We should therefore take up for discussion the four general theories through which plaintiff asserts that public easement rights in the subject property have been established.

1. Grant

This perhaps is the most easily disposed of contention of the plaintiff. Although plaintiff asserts "grant" as a possible doctrine for relief both in the pre trial order on file herein and their memoranda of law, it would appear that this theory was either included inadvetantly or abandoned at the outset of the controversy. Plaintiff points to no evidence adduced on trial which would permit the inference of a transfer by defendants to the public of any interest in the subject property by way of grant and no authority has been cited by plaintiff supporting such a contention.

2. Ancient Custom

Plaintiff's attempt to rely upon the doctrine of ancient custom and cite in support thereof State ex rel Thornton vs Hay, 254 Or 584 (1969). In that regard, it first appears that the case at bar may be distinguished factually from the Hay case in that it dealt with the dry-sand beach area which lays westerly or below the so called vegetation line or coordinate line established by 390.605 et seq., and this case deals with the upland lying easterly of that same line. Secondly, the general public has always assumed that the dry-sand area was a part of the public beach, that the dry-sand area cannot be used conveniently for any purpose other than recreation, that the dry-sand area is unstable in its seaward boundaries, unsafe during winter storms, and for the most part unfit for the construction of permanent structures. State ex rel Thornton vs Hay, supra, p. 589. Just the opposite is true of the subject property as the evidence has established.
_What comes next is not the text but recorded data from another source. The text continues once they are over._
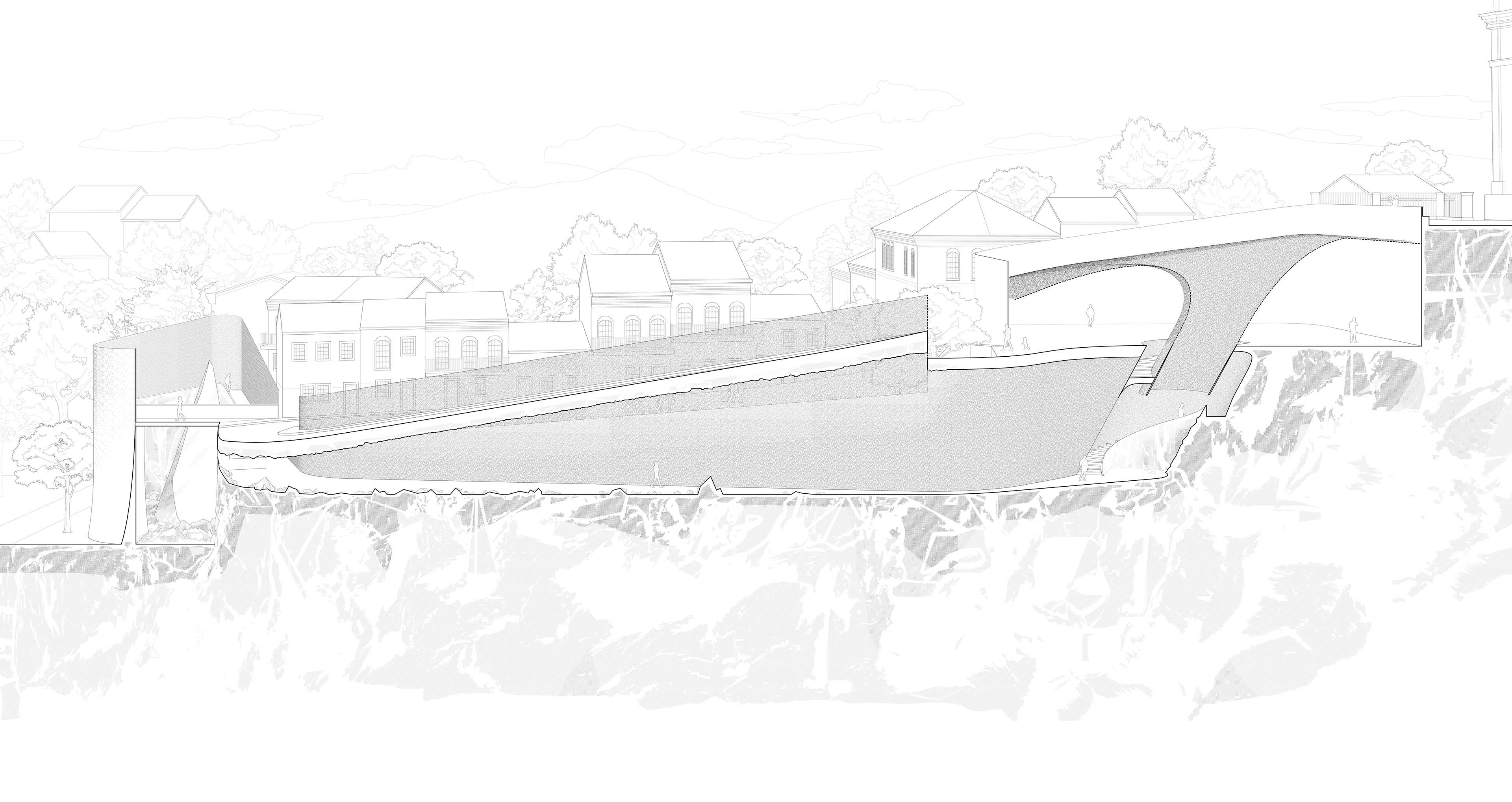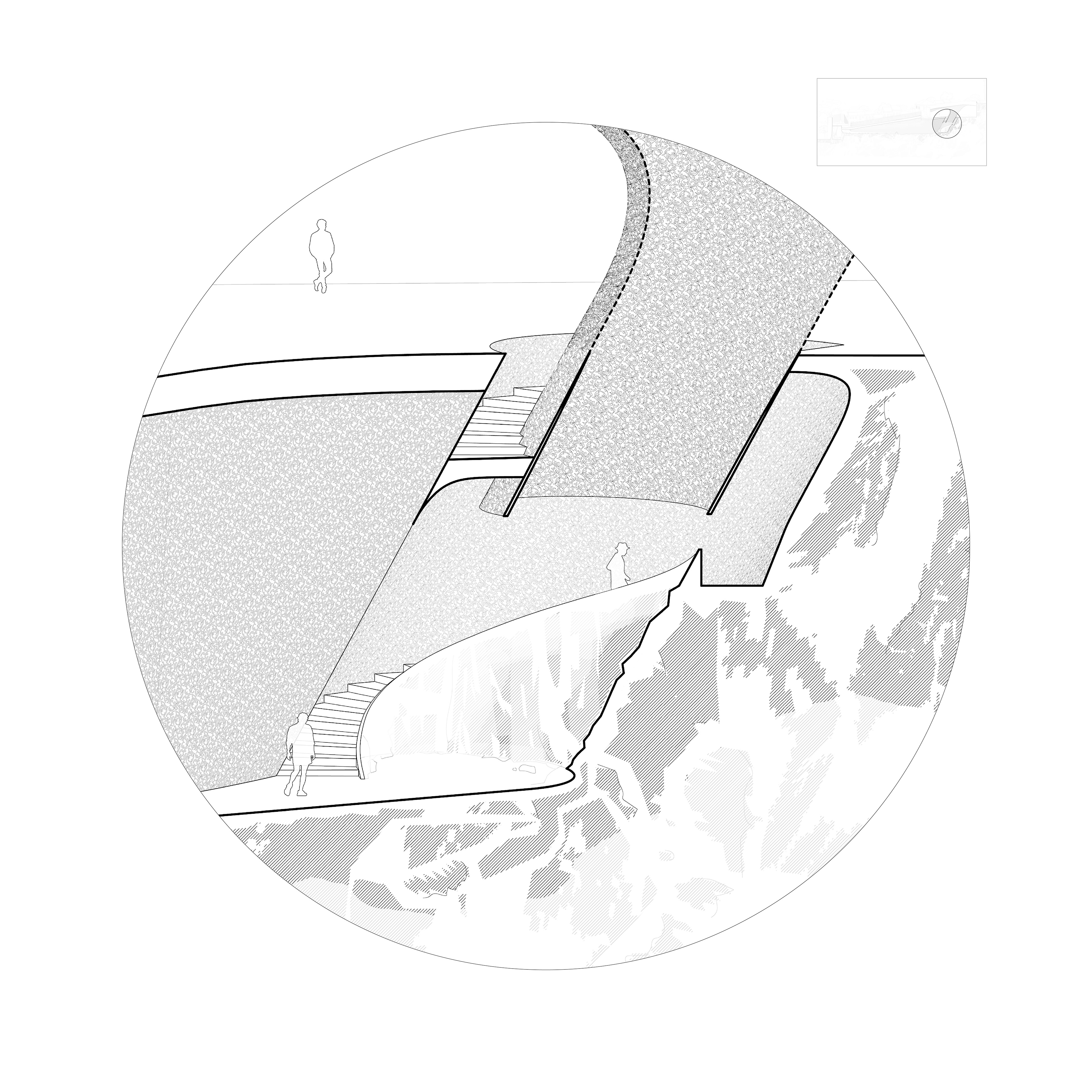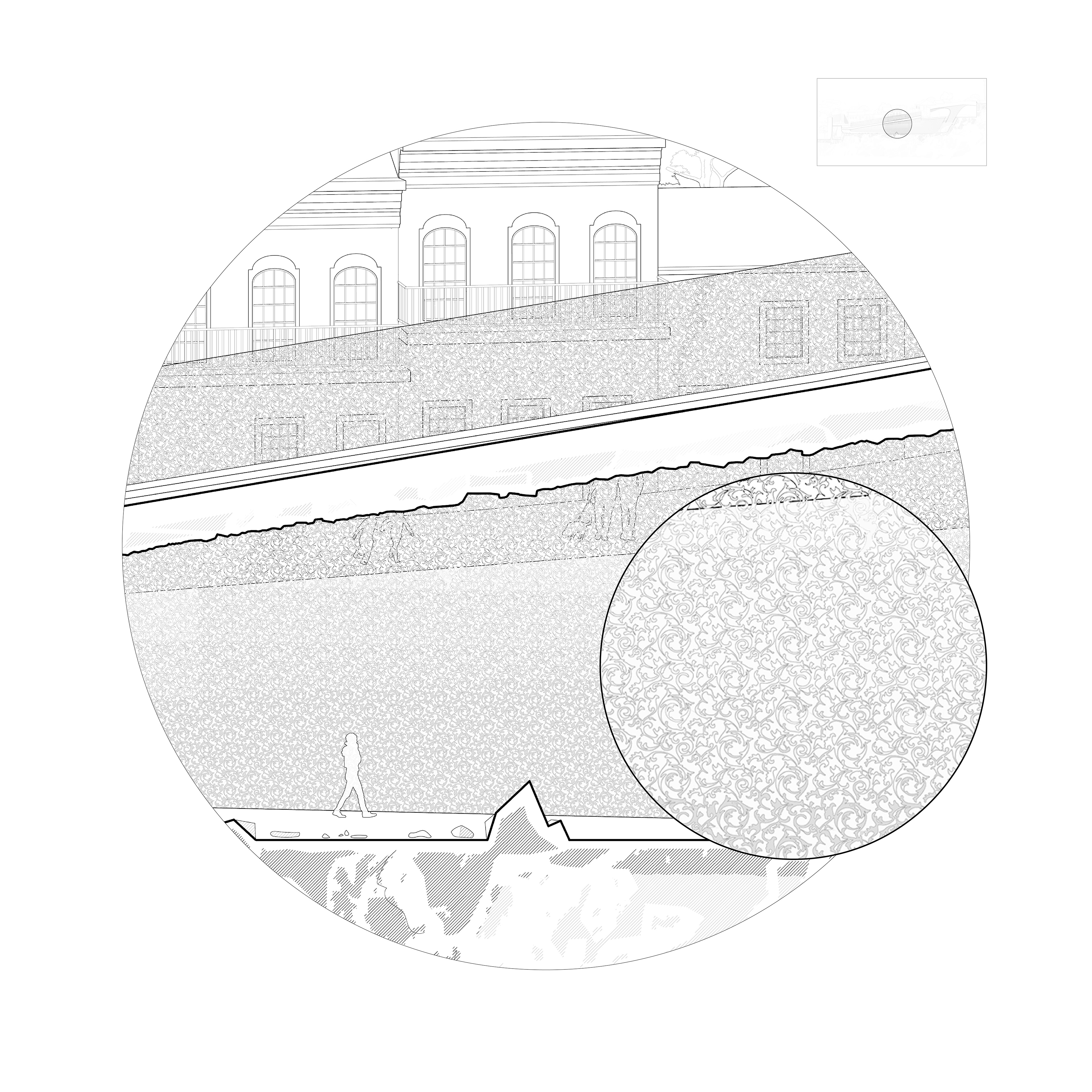 At this point, the Baroque patterns are then carved from the rock, and the ceramic becomes an inlay, becoming less and less as the path becomes darker and darker, until you are completely underground. The Oscar Niemeyer-inspired museum entrance "ramp" is actually a 1:20 sloped floor, bringing you a storey underground without you realizing.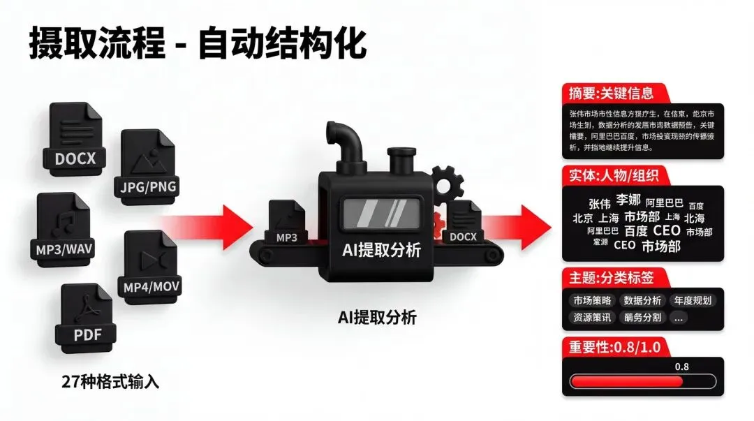 系统会自动提取结构化信息:这段内容的摘要是什么?提到了哪些实体?属于什么主题?重要程度有多高?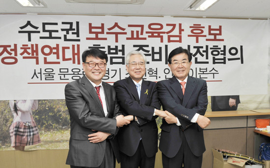 서울 문용린, 경기 조전혁, 인천 이본수 등 수도권 보수성향 교육감 후보들이 19일 한자리에 모여 "이번 6.4 지방선거에서 반드시 종북‧좌파세력을 물리치겠다"고 밝혔다.
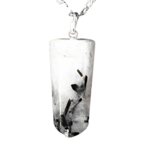 Pingente Pontinha Turmalina Preta no Quartzo Leitoso boa qualidade, pedra natural de garimpo, lapidação artesanal montado Pino e Presilha na Prata 950, ideal para colar e pulseiras, já vai montado .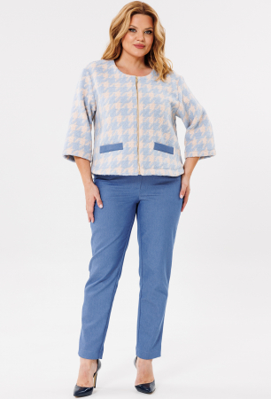Удобный женский брючный комплект. Данный деловой комплект станет отличным выбором для офисных работников и всех, кто ценит комфорт и стиль. Изделие состоит из жакета и брюк. Твидовый жакет прямого полуприлегающего силуэта с втачным рукавом 3/4. По переду изделия накладные клапаны. Жакет на молнии не только функционален, но и добавляет стильный акцент в любой образ. Этот теплый твидовый жакет создан для повседневной носки и будет радовать вас мягкостью и комфортом, даже в самые холодные дни. Брюки выполнены из хлопковой ткани средней плотности садятся по фигуре длиной 7/8. К низу заужены, спереди на молнии с гульфиком, высокая посадка, на притачном поясе с резинкой по бокам, от пояса к боковым швам косые функциональные карманы. Благодаря своему элегантному дизайну, данный костюм plus size станет незаменимым элементом вашего гардероба и поможет создать множество образов.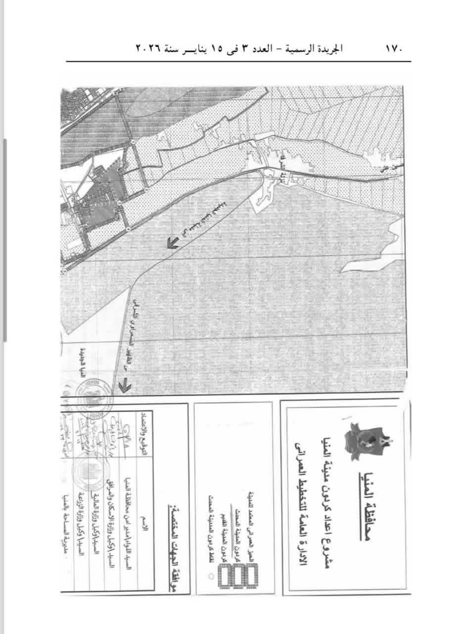 وأوضح محافظ المنيا أن القرار نشر بالجريدة الرسمية – العدد (3) الصادر بتاريخ الخميس 15 يناير 2026، مؤكدًا أن اعتماد التعديل يأتي بما يتوافق مع المخطط الاستراتيجي المعتمد، وبما يحقق الاستخدام الأمثل للأراضي، ويخدم احتياجات التوسع العمراني والخدمي بمدينة المنيا.

Furthermore, the elements of the doctrine of ancient custom have not been established in this case. First of all, the record in this case does not satisfy the requirement of antiquity. It is to be noted that in Hay it was ascertained that the aboriginal inhabitants of the Oregon shore used the drysand area. The proof herein falls far short of that length of usage. Next, the ancient custom requirement of certainty has not been satisfied herein. There are no visible or other well-defined boundaries of the sand dune area or any characteristics of the same which limits its use to recreation in connection with the foreshore. Plaintiffs have also failed to establish the requirement that ancient custom be obligatory. That is to say, the record herein does not establish that the upland sand dune area has been used, as a right, uniformly, with similarly situated lands elsewhere and that the public's use has never been questioned by similarly situated upland owners. The proof is to the contrary. There are many miles of such sand dunes in Clatsop County alone to which this doctrine could have no application. State ex rel Thornton vs Hay, supra, p. 596.

3. Dedication

Plaintiff contends that the doctrine of implied dedication has established public easement rights to the subject property.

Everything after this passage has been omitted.